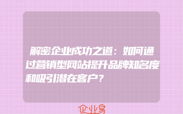 - 解密企业成功之道:如何通过营销型网站提升品牌知名度和吸引潜在客户?
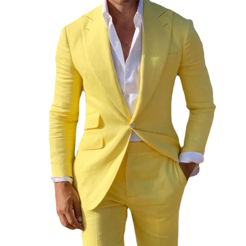 Yellow Linen Beach Men Suits Slim Fit 2 Piece Wedding Groom Tuxedo with Peaked Lapel Costume Blazer with Pants
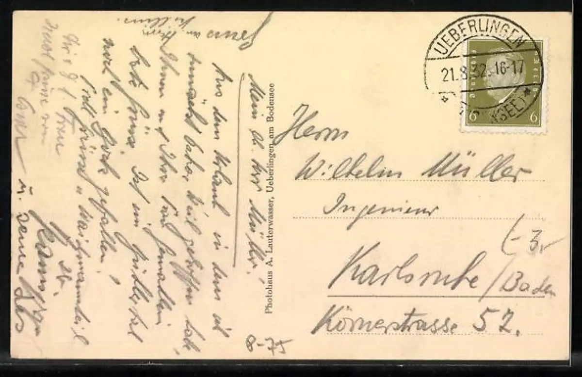 Personenbezogene Daten auf der Rückseite der Karte wurden durch blauen Textmarker unkenntlich gemacht. Die blauen Stellen sind auf die Vorderseite durchgeweicht und wirken sich negativ auf das Postkartenfoto aus
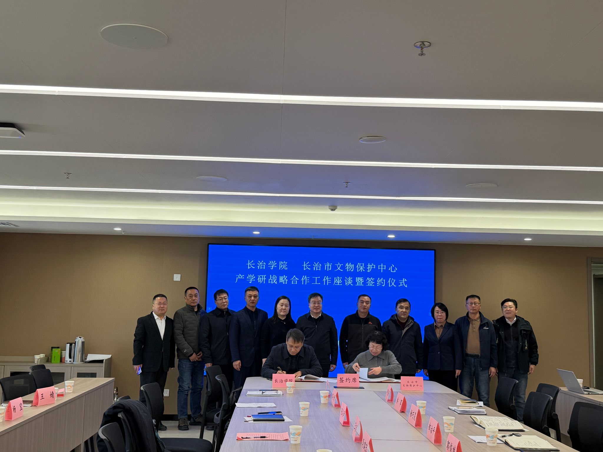 1月15日,我校与长治市文物保护中心产学研战略合作工作座谈暨签约仪式在长治市文保中心大会议室举行。校党委委员、副校长王志军出席活动。长治市文保中心主任郜治平、副主任杨巧灵、郭俊斌及相关科室负责人,与我校科研部、就业创业指导中心、历史与旅游管理系教师代表共同参加会议。
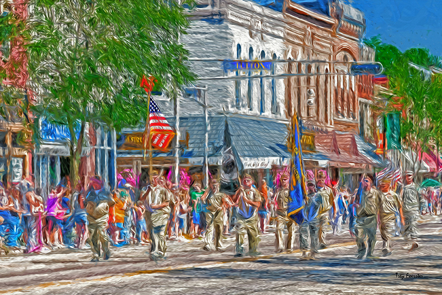 Your image has a familiar and warm feeling of a small-town holiday and really says America. The painting technique you used adds to the impact of the image with its bright colors and your choice to bring back the stars on the American flag, was a good choice. To my eye the sky is a bit of a distraction with the halo effect along the top trees. I took the healing brush and removed them. |
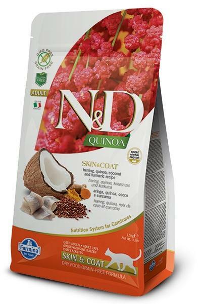 Összetevők és tápanyagok:Friss, vadon kifogott hering (18%), hidrolizált hering (18%), borsókeményítő, halolaj (heringből), quinoa mag (8%), szárított kókusz (2,5%), kurkuma (2,5%) inulin, frukto-oligoszacharidok, élesztő kivonat (mannán-oligoszacharidok forrása), útifű, kalcium-karbonát, dikalcium-foszfát, kalcium-szulfát-dihidrát, kálium-klorid, nátrium-klorid, száríto
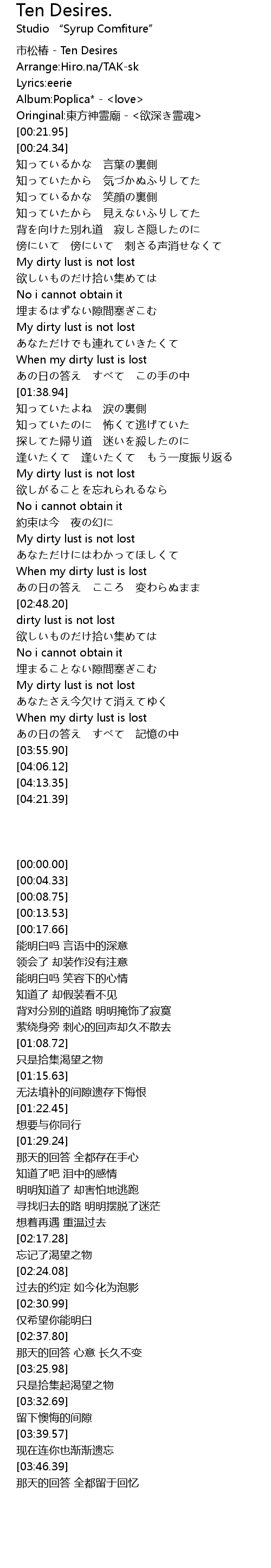 | [03:46.39] | When my dirty lust is lost |
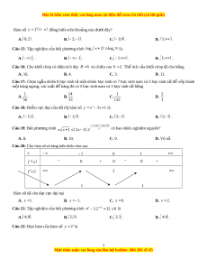 ố g(x) f ( f (x) x) có bao nhiêu điểm c c ự trị ? A. 4. B. 5. C. 6. D. 7. Câu 2: Cho hàm s
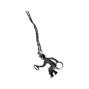 This is a great Native American sterling silver pendant depicting a Hoop Dancer. The chain is silver and Italian, but the pendant is defintely Indian maded. The Hoop Dance is a healing dance representing the never-ending circle of life.

○ ○ ○ ○ ○

▸ WHAT THE TASK ASKS
Print nothing except the lines above from the one containing "Personenbezogene Daten auf" down to the one containing "Your image has", both included, exactly as written and free of pictures.

▸ OUTPUT FOR THIS EXERCISE
 Personenbezogene Daten auf der Rückseite der Karte wurden durch blauen Textmarker unkenntlich gemacht. Die blauen Stellen sind auf die Vorderseite durchgeweicht und wirken sich negativ auf das Postkartenfoto aus
 1月15日,我校与长治市文物保护中心产学研战略合作工作座谈暨签约仪式在长治市文保中心大会议室举行。校党委委员、副校长王志军出席活动。长治市文保中心主任郜治平、副主任杨巧灵、郭俊斌及相关科室负责人,与我校科研部、就业创业指导中心、历史与旅游管理系教师代表共同参加会议。
 Your image has a familiar and warm feeling of a small-town holiday and really says America. The painting technique you used adds to the impact of the image with its bright colors and your choice to bring back the stars on the American flag, was a good choice. To my eye the sky is a bit of a distraction with the halo effect along the top trees. I took the healing brush and removed them. |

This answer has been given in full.